# creatures of habit



## Mouse (Mar 6, 2008)

so, back when I was traveling hardcore and living all dirty and homeless and loving life, I still had a number of things I always clung to. Lil creature comforts that I have to have i order to be happy.

mine are;
morning coffee (or afternoon, whenever i'd get up)
q-tips. I can't go a day without digging in my ears. 
trimming my nails.
my grandma's necklace. 


yours?


----------



## Immortal dirty Squirrel (Mar 6, 2008)

Oregano Oil, and Garlic. Never run out.


----------



## Bendixontherails (Mar 7, 2008)

p-38
coffee
multitool
teatree oil or sandalwood oil
my 1928 date nail.


----------



## Clit Comander (Mar 7, 2008)

beer, cigerettes, music, and soda


----------



## Beegod Santana (Mar 7, 2008)

Jar of PB and a 3 shot flask of grain, for emergencies only of course.


----------



## Labea (Mar 8, 2008)

im a pretty well adjusted person, i dont absolutely need anything or go a day without anything thats not necessary. 
alls i can think of is cigarettes.


----------



## Mouse (Mar 8, 2008)

ha.yeah.I always was the one with the bandaids and alc. pads and sewing needles. I barely used them but always had stuff for other people. 

sounds lieka standard kit to me really. nerds unite!


I forgot to put camera on my list. always always gotta have a camera.


----------



## sykgutt (Mar 8, 2008)

the only thing I always bring with me (that isn't necessary) is a notebook and something to write with


----------



## Mouse (Mar 10, 2008)

sweetness.

coolest club eva!


----------



## Dillinger (Mar 12, 2008)

I'm a big coffee whore, every morning when I have it.
I can go months without smoking but for some reason I always feel the need to grab a pack when It's around.
Can go months without music but never put down a guitar when I'm home.
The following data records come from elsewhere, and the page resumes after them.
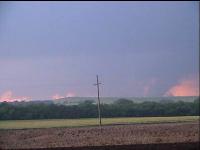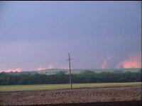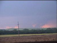 The Weathervine crew and I observed two tornadoes between Concordia and Belleville, Kansas yesterday in the late afternoon. At one point, three massive block wall clouds hung from the updraft base, and we had high hopes for all three, but only one touched down, followed by a smaller and more narrow funnel. We started the day in extreme southeast Nebraska, hoping to take advantage of high helicities from the forecast east winds per the 12Z RUC and ETA. We chased the first storm that fired in Thayer County (again!) and chased it nearly to Beatrice as it morphed and tried to organize. This storm earned a tornado warning and we observed a mid level funnel that was reported as a tornado later. However, this storm was involved in an HP cluster and the mesos were hidden and embedded in heavy rain. We knew about the Concordia supercell since we had good radar coverage, but wanted to stick with the target we'd worked hard to choose. Finally, however, it was obvious this storm would not escape the precip shroud and we dropped south, approaching the Concordia supercell from the east. I observed both tornadoes from the village of Wayne, while Weathervine was closer to the storm having elected to continue west. The circulation I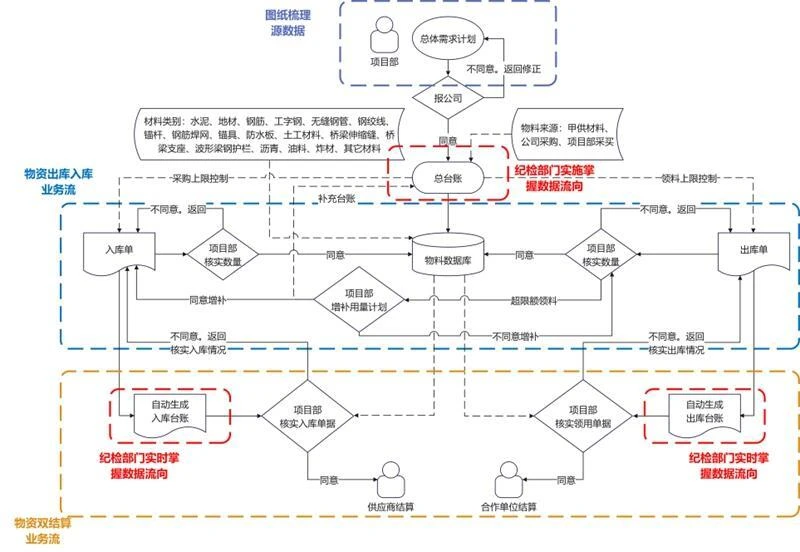 針對交通工程物資采購量大、種類繁雜、流轉(zhuǎn)環(huán)節(jié)多的特點,公司紀(jì)檢監(jiān)察融入“物資全鏈條管理模塊”,實現(xiàn)從“申請—發(fā)貨—入庫—領(lǐng)用—清點”的全流程閉環(huán)管理。水泥、地材等主要建材的現(xiàn)場需求申請、供應(yīng)商溯源、發(fā)貨地、入庫時間、入庫數(shù)量、領(lǐng)用時間、領(lǐng)用數(shù)量及領(lǐng)用人等信息均實現(xiàn)全過程留痕記錄。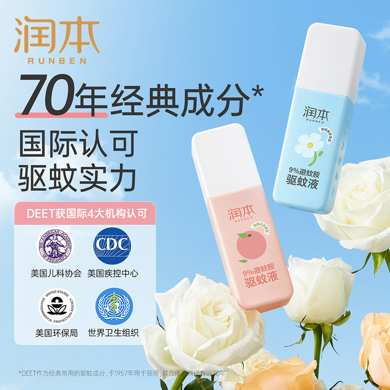 润本9%避蚊胺驱蚊液75ml*喷雾宝宝户外随身便携两款香型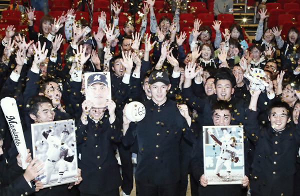 ロッテ1位指名で級友らに祝福される佐々木(中央)/(C)日刊ゲンダイ
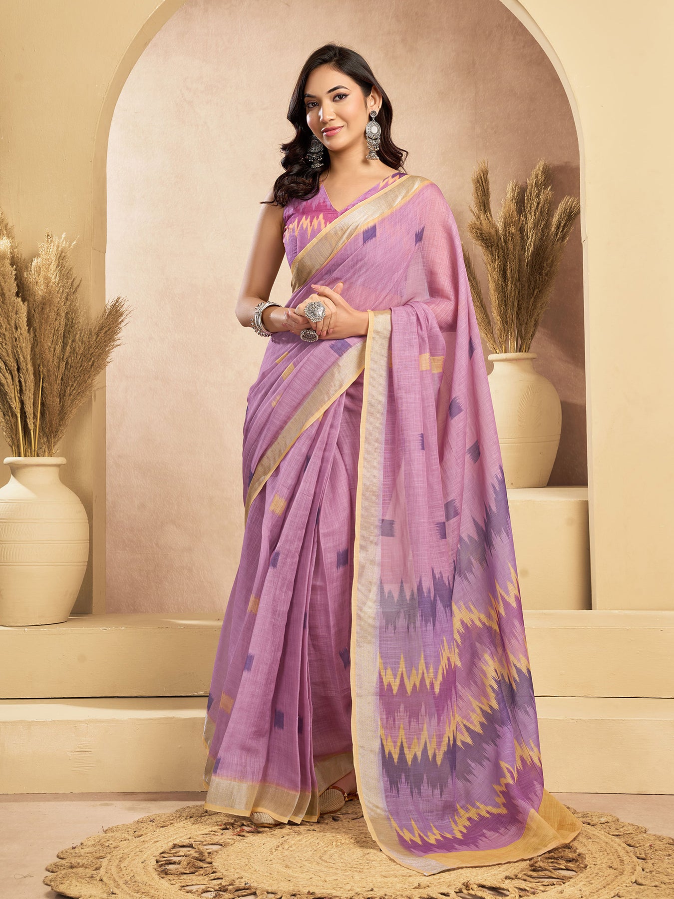 Lavender Linen Woven Sqaure Printed Ready to Wear Saree With Pocket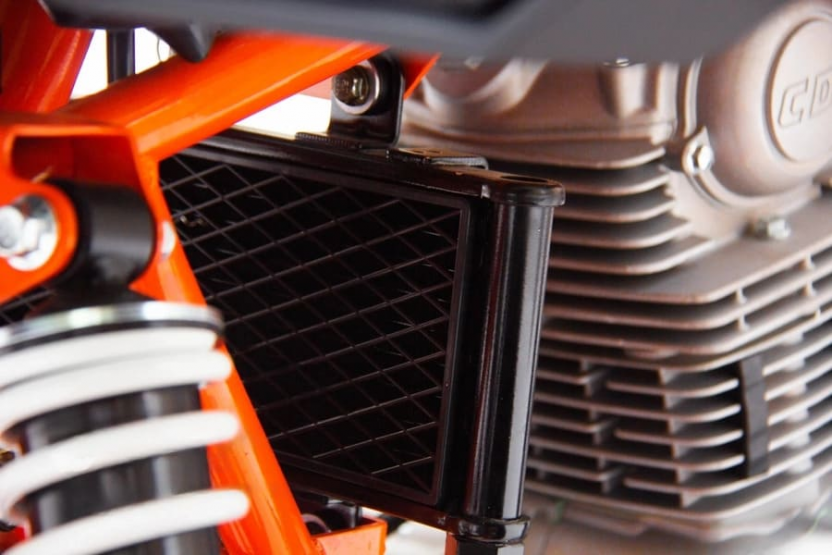 В раме квадроцикла установлен один из самых популярных моторов производства компании Zongshen - одноцилиндровый 4-тактник ZS165FMM рабочим объемом 199 см3, который в паре с карбюратором KEIHIN PZ30 способен выдавать 16 лошадиных сил максимальной мощности. Для поддержания оптимального температурного режима работы двигателя с балансирным валом и механической коробкой передач используется дополнительный контур масляного охлаждения.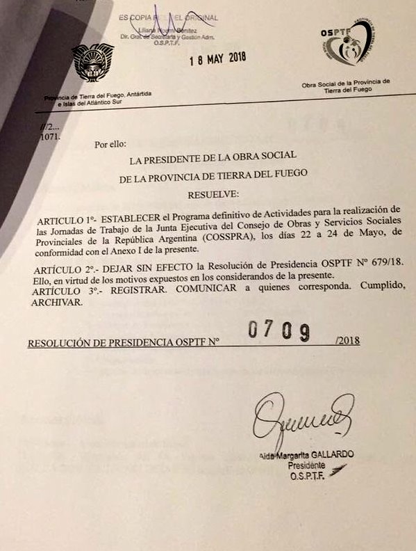 Mientras Bertone manifiesta su “enojo”, la propia Margarita Gallardo firmó al Resolución N° 709/2018, mediante la cual deja sin efecto la Resolución N° 679/2018, con la cual se autorizaba a contratar los servicios de la empresa “VOLVER SRL” por el servicio de “Organización y Catering” de 40 cenas temáticas como fin de jornada del evento COSSPRA, por el monto de $300.000, a razón de $7.500 por persona; pero la Presidente de la OSEF, NO dejó sin efecto la Resolución N° 589/2018, mediante la cual se contrató los servicios del lujoso hotel (5 estrellas) “Arakur Resort & Spa”, por la cifra del $162.270,00.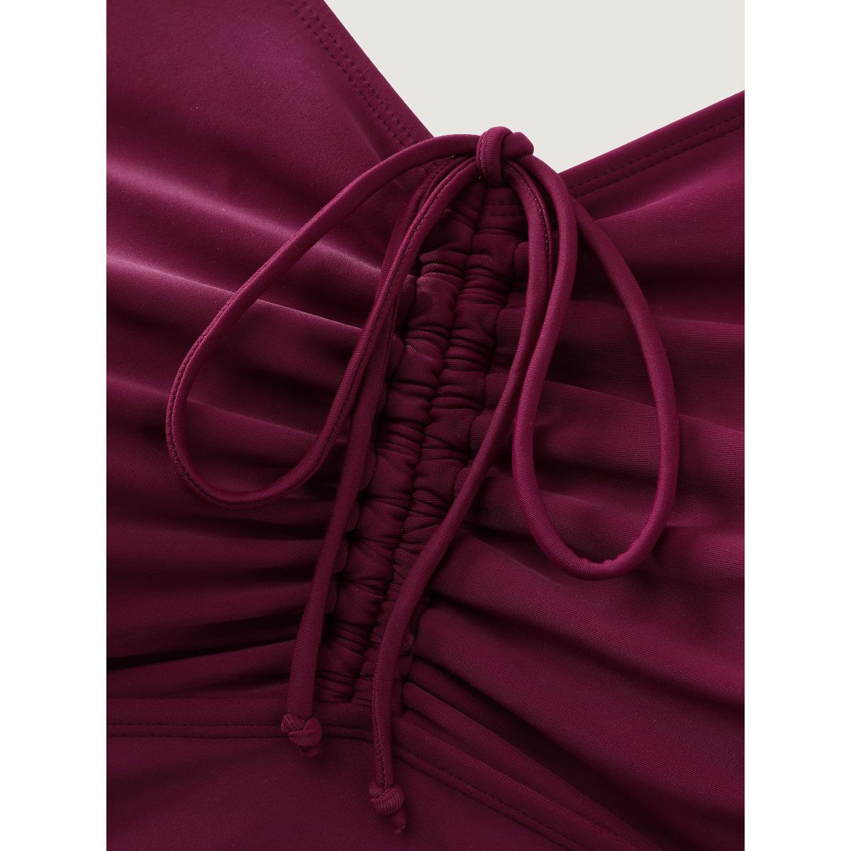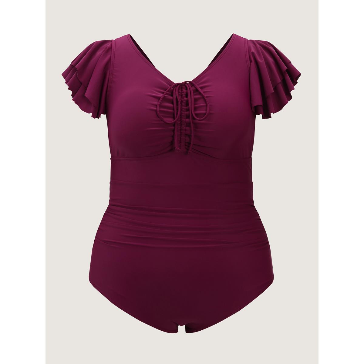 Plus Size Flutter Sleeve Adjustable Drawstring One Piece Swimsuit Women's Swimwear Burgundy Resort Tie knot Curve Bathing Suits High stretch One Pieces BloomChic 30/6X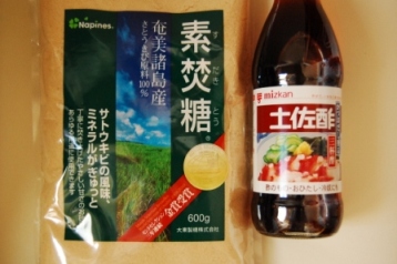 先日、喜界島のお砂糖がなくなり、届いたばかりの百彩はちみつで代用していたわけですが(もったいない)、今回は【素焚糖】というお砂糖を買ってきました。 (そのままかぶりつきたいくらい美味しそう・・・(笑))奄美諸島産 さとうきび原料100%600g 大東製糖株式会社モンドセレクション三年連続金賞受賞だそうです。 ●主要栄養成分比較表●(100gあたり) 素焚糖*1 三温糖*2エネルギー 383kcal 382kcalタンパク質 0.3g Tr脂質 0.1g 0g炭水化物 97.9g 98.7gナトリウム 77.1mg 7mgカリウム 212mg 13mgカルシウム 39.8mg 6mgマグネシウム 14.8mg 2mgリン 4.7mg Tr鉄 0.48mg 0.1mg亜鉛 0.06mg Tr銅 0.02mg 0.07mgマンガン 0.15mg Trクロム*1 0 0セレン*1 0 0ヨウ素*1 0 0*1 分析値は当社調べ*2 五訂増補 日本食品標準成分表Trは微量の意パッケージより それからミツカンさんの【土佐酢】。酢の物、おひたしをもっと取り入れなきゃ、という気持ちで。 砂糖で初 モンドセレクション金賞受賞大東製糖 素焚糖 600g価格:270円(税込、送料別) 【ミツカン 土佐酢】★税込2480円以上で送料無料★ミツカン 土佐酢(150mL)価格:138円(税込、送料別)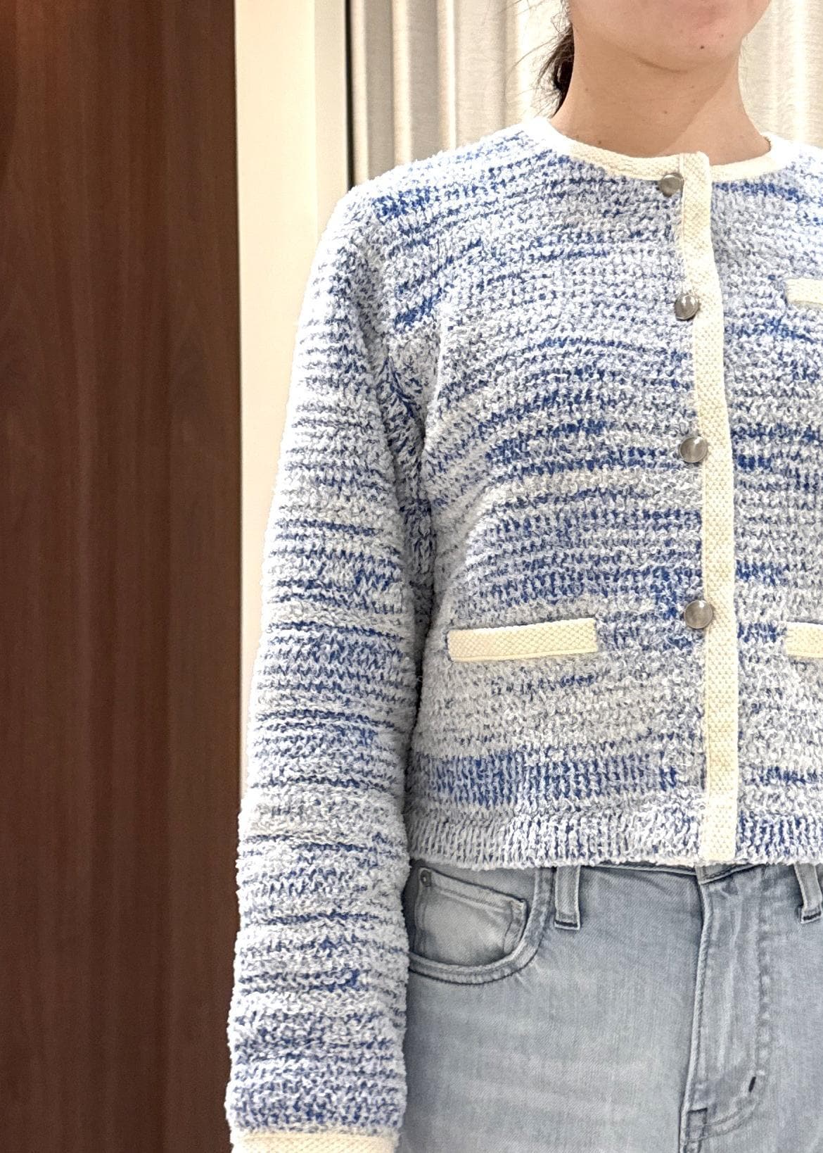 ROPÉツイードニットショート丈カーディガン/イージーケアブルー /¥26,180レビューコンパクトなサイズ感ですが、アーム部分は余裕があるので着心地◎綿ナイロンのお素材なので、春先までお使いいただけます。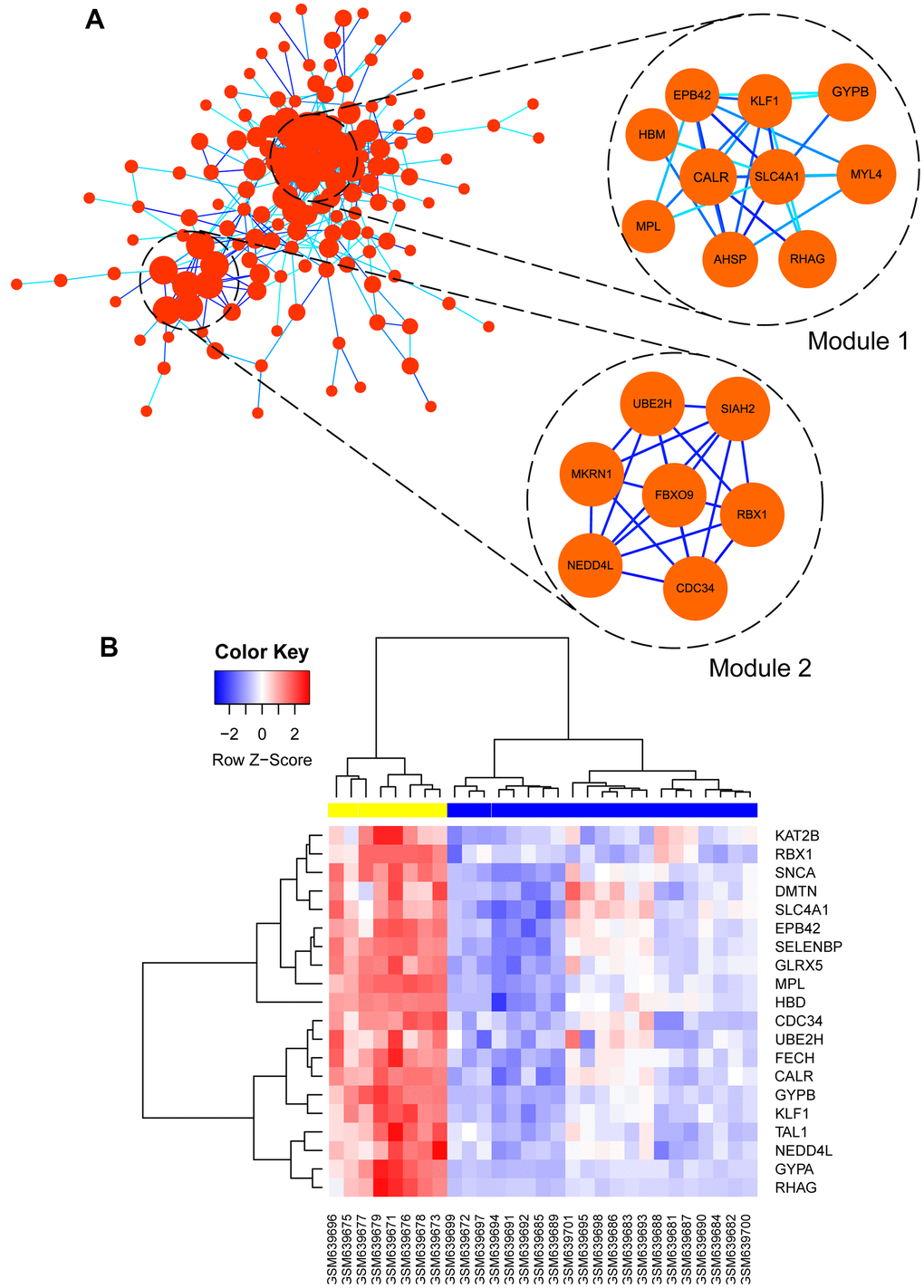 Subsequently, hub genes in this weighted network were filtered with degrees ≥ 36, degrees meant the level of correlation between two genes. Altogether, 20 genes were identified as hub genes including EPB42, SLC4A1, CALR, MPL, FECH, GYPB, KLF1, DMTN, RBX1, HBD, GYPA, GLRX5, UBE2H, KAT2B, RHAG, SELENBP1, CDC34, TAL1, NEDD4L, and SNCA, as listed in Table 3. Meanwhile, the gene expression levels of the hub genes between PMF and normal samples were tested, as shown in Figure 8B. Illustration elucidated that expression levels of these hub genes in PMF samples were much higher compared to normal samples, indicating that these genes were responsible for the development of PMF. Additionally, EPB42, CALR, SLC4A1 and MPL associated genes including HBM, KLF1, GYPB, MYL4, AHSP, RHAG were also expressed abnormally, which demonstrated that EPB42, CALR, SLC4A1 and MPL associated pathways were activated aberrantly.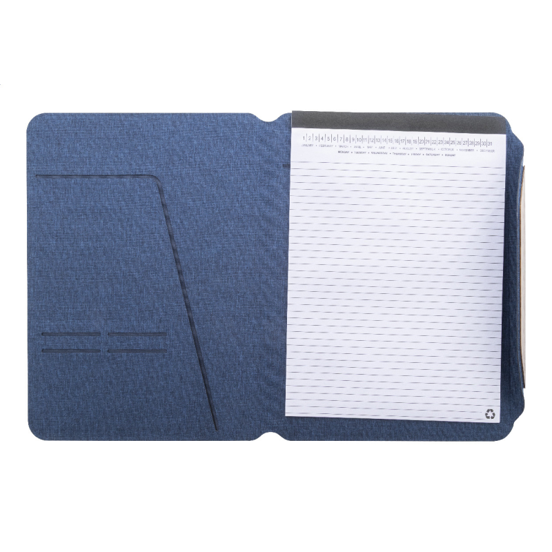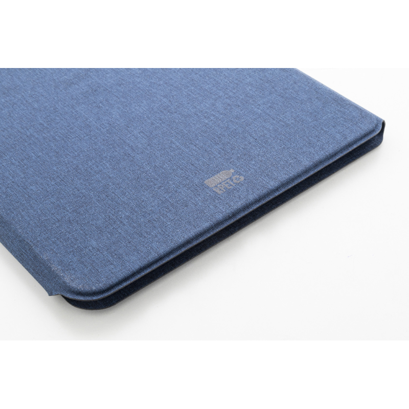 RPET poliészter borítású jegyzetfüzet bambusz betéttel, mobiltartó funkcióval és beépített vezeték nélküli gyors töltővel (15W).
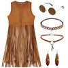 | Kostium hipisowski damski zestaw w stylu lat 60. i 70., fantazyjne przebranie, ubrania dla hipisowskich kobiet, brązowa kamizelka z frędzlami, akcesoria hipisowskie, opaska na głowę, kolczyki, | B0D2KR46BR | 1 | 5.09 | 72.46 | |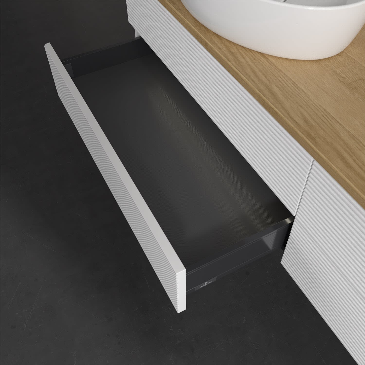 Villeroy & Boch Antao Waschbeckenunterschrank, 160 x 36 cm, 4 Auszüge mit LED-Licht, Front mit Struktur, mit Hahnloch, für Waschtisch links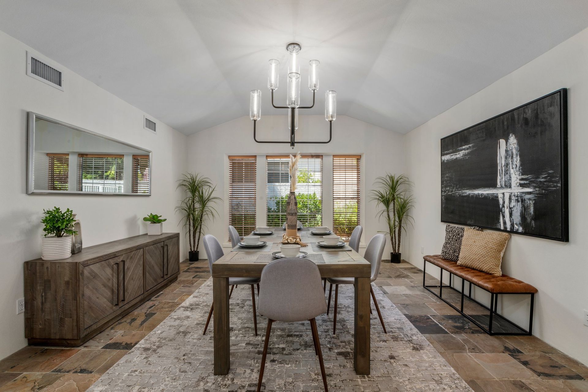 6701 E Riverdale St, Mesa, AZ 85215 3 bedrooms | 2 bathrooms | 1,317 sqft LISTING PRICE $445,000 Step into your ideal home in a gated community, completely remodeled with today's top design trends. This single-level gem features an open layout with vaulted ceilings and a show-stopping kitchen complete with quartz countertops, a spacious working island, and brand-new appliances. The split master suite offers privacy and includes a walk-in closet and a beautifully updated bathroom. Throughout the home, you'll find new flooring, upgraded lighting, and fully renovated bathrooms. Conveniently located just 20 minutes from the airport, with nearby shopping and dining just minutes away, this home blends comfort, style, and unbeatable location.

Add the three together it's kinda nice.


----------



## finn (Mar 12, 2008)

While I can be happy without things or routines, I really like carrying around a regular multitool, bike multitool and pump(since if I'm going to be somewhere over two weeks, I'd like to have a bike), knife I can get out quickly, knife sharpener, flashlight, lighter, sharpie, ballpoint pen, and vitamin packets.


----------